My own personal experience is this: My parents were twice a year jews but sent me to Hebrew Academy and I went there until 12th grade (from Kindergarten). I am now a lawyer who excelled in law school and I also excelled at Gemara at Hebrew Academy since the skill set needed to interpret and argue halacha and american law are very similar.
Early on the rabbis picked up on my skill and tried to convince me to go to YU, etc…
I actually did consider being religious and for a while kept kosher in college (not what you guys would consider kosher, but applying a meikil standard, kosher).
To me, the largest reason I ended up not being religious is my discovery of the scale of issues that I had not known about and that Zev Farber has been chastised for pointing out.
Rambam figured out a long time ago that there were people who were going to question “Zev Farber issues,” some of which I saw as a young adult on my own without looking as you do not need to go to the depths Zev Farber did to search to see obvious questions. And in any case, I imagine that for Zev, that search only began after he noticed things without any search. Indeed, I knew Zev in high school and he struck me as someone who legitimately cared about yidishkeit and wanted to be believe, he was not someone looking for an excuse not to believe.

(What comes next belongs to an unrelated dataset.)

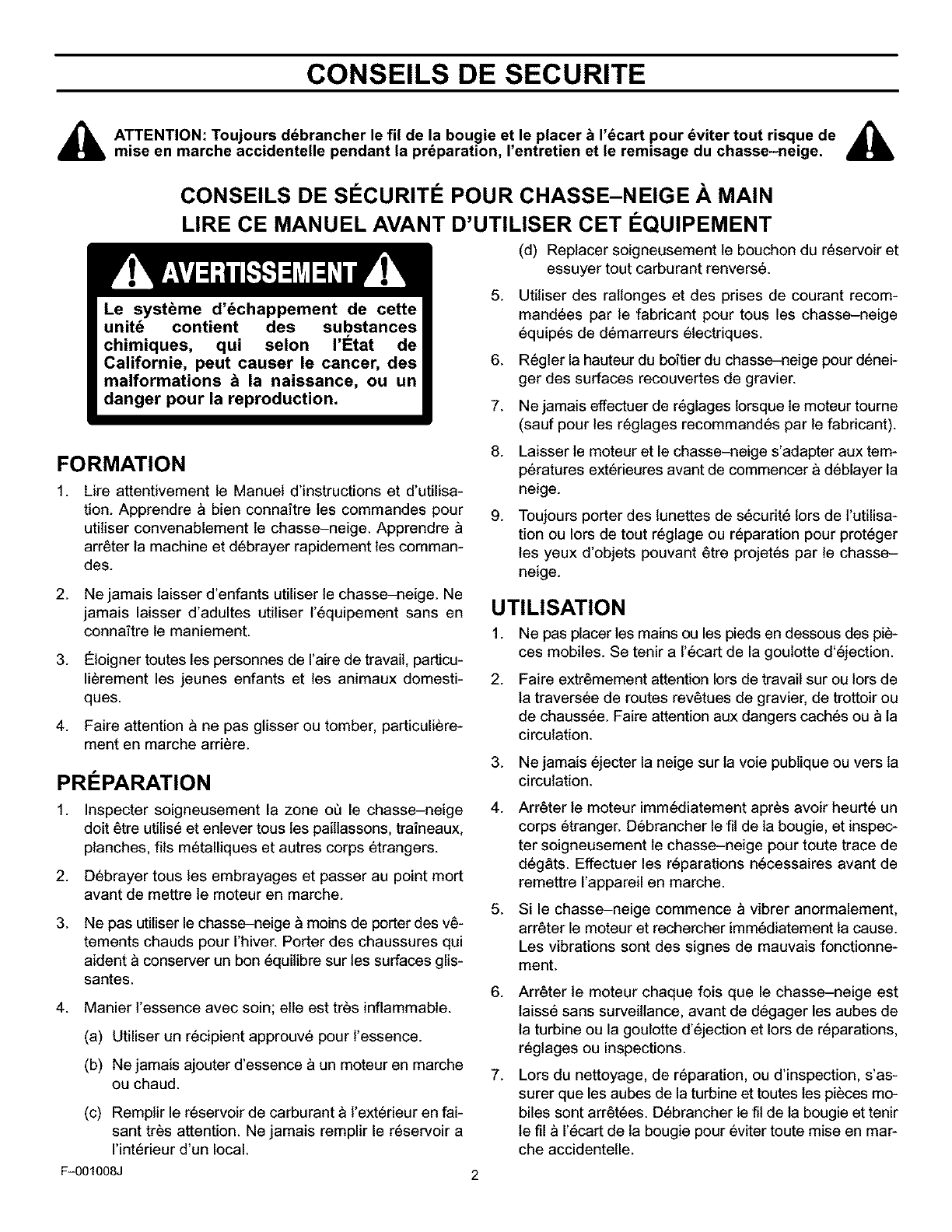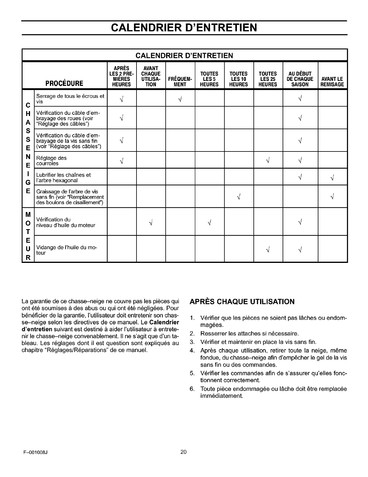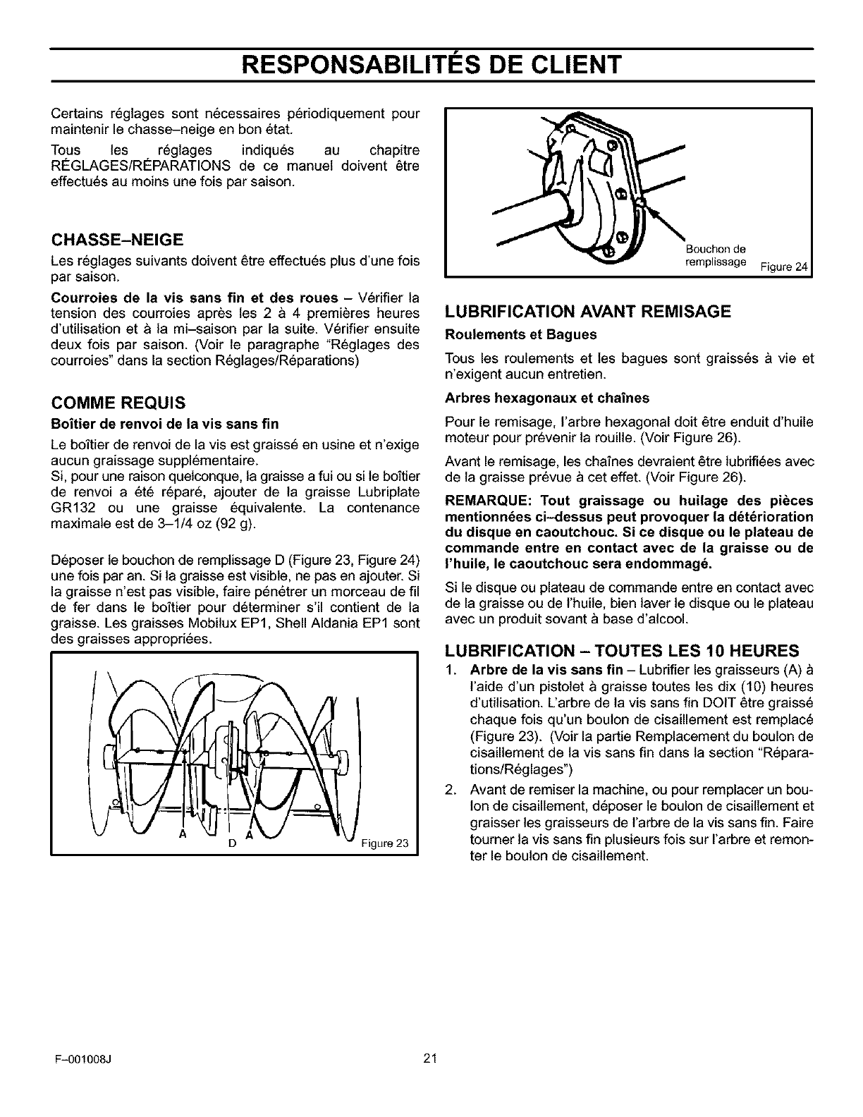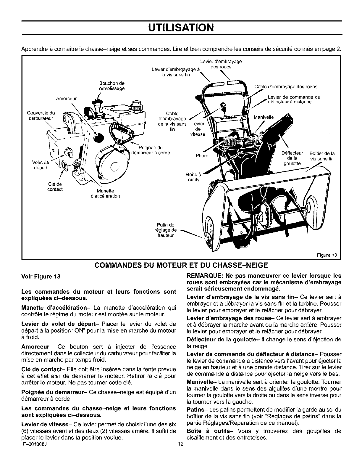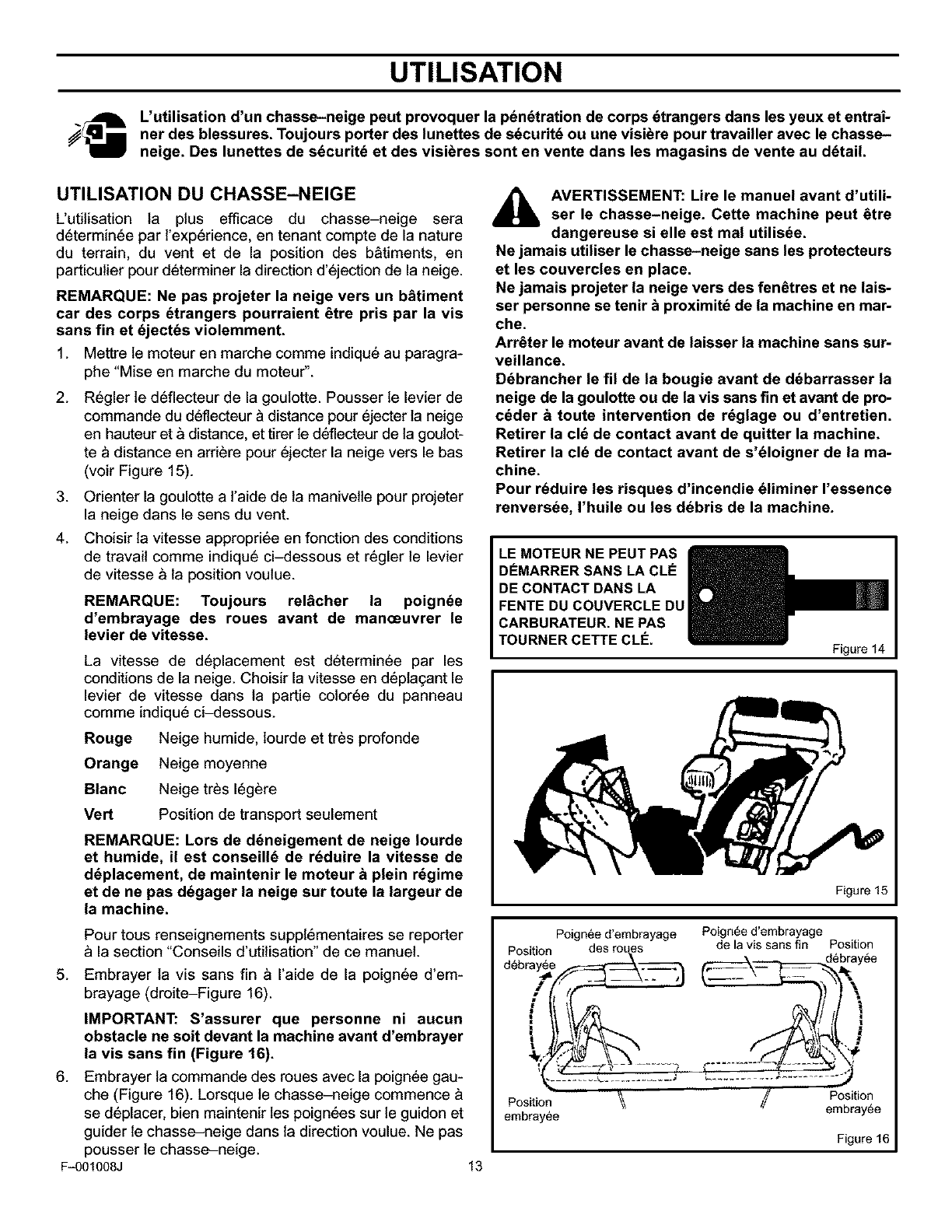 du chapitre Utilisation du chasse-neige de ce manuel.

I am leaving examples out of this post for fear that if I list them, it will get censored, but they exist all over the internet. And I know that there are answers, but without listing issues, suffice it to say some are troubling to me, and became so before I met my now wife.
For whatever reason, todays orthodox community has decided to just ignore the questions. And the chareidi community has banned the internet in hopes that their community wont discover them (except that I discovered enough on my own without the internet and I have only a tiny fraction of knowledge Zev has).
In any case, I believe the burying head in sand tactic is a mistake. I believe Rambam’s approach was better. Acknowledge the questions and try the best to answer them, especially now that anyone with google can find them.
Anyway, my sunday rant. And here is a secret. R’ Fisher if he knew my life story would say I fit neatly into his hypothesis. I married a jewish girl who came from a conservadox Young Israel family, but who does not really believe or want to practice. Had I married someone more religious, perhaps things would have been different. But I do not know.
So I think that R’ Fisher is right and wrong. People no doubt respond to surrounding environment, etc… And I also have no doubt that there are people who will be negatively affected by college. But treating that as the only issue is short sighted and ignores other problems, and of course there can never be solutions to ignored problems.